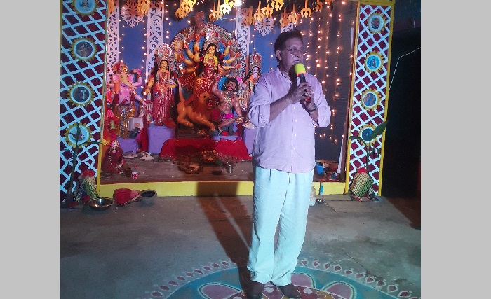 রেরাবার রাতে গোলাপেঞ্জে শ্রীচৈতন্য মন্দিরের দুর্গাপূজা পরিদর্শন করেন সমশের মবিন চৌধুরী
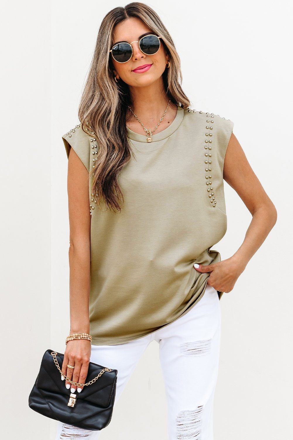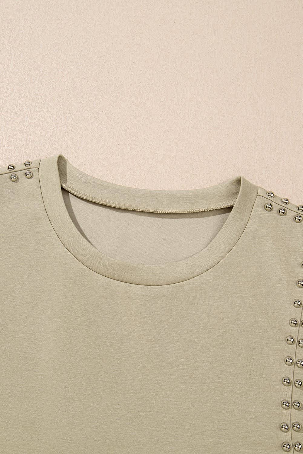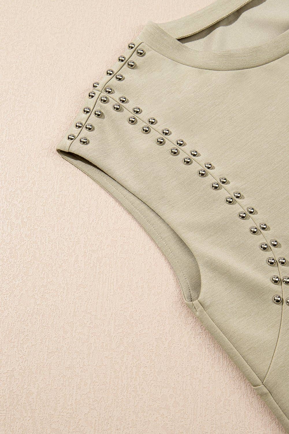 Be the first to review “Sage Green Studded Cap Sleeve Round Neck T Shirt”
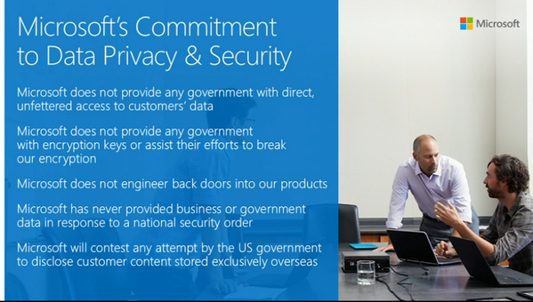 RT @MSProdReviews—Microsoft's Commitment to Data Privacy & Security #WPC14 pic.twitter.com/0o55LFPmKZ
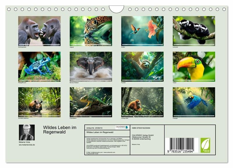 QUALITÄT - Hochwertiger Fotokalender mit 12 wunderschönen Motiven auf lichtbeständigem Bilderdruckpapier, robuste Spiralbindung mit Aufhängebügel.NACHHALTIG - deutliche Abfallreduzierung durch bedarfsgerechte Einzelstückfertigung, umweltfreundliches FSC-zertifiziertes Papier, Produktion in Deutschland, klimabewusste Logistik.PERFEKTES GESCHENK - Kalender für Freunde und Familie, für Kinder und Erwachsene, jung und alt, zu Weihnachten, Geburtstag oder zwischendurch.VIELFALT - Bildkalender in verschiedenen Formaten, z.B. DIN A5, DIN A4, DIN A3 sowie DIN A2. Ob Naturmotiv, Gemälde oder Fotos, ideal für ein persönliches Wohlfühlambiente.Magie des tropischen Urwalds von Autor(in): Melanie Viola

____________

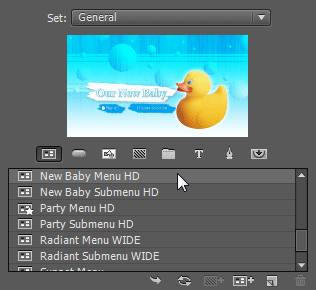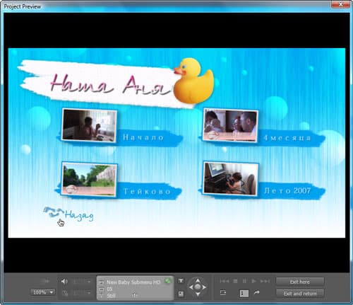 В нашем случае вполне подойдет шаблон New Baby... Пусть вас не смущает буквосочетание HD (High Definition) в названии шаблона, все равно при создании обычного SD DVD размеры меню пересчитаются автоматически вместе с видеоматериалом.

____________

__TASK REQUIREMENTS__: Write out exactly the lines above between the one with "রেরাবার রাতে গোলাপেঞ্জে" and the one with "RT @MSProdReviews—Microsoft's Commitment", inclusive, with pictures left out.

__COMPLETED TASK__:
 রেরাবার রাতে গোলাপেঞ্জে শ্রীচৈতন্য মন্দিরের দুর্গাপূজা পরিদর্শন করেন সমশের মবিন চৌধুরী
 Be the first to review “Sage Green Studded Cap Sleeve Round Neck T Shirt”
 RT @MSProdReviews—Microsoft's Commitment to Data Privacy & Security #WPC14 pic.twitter.com/0o55LFPmKZ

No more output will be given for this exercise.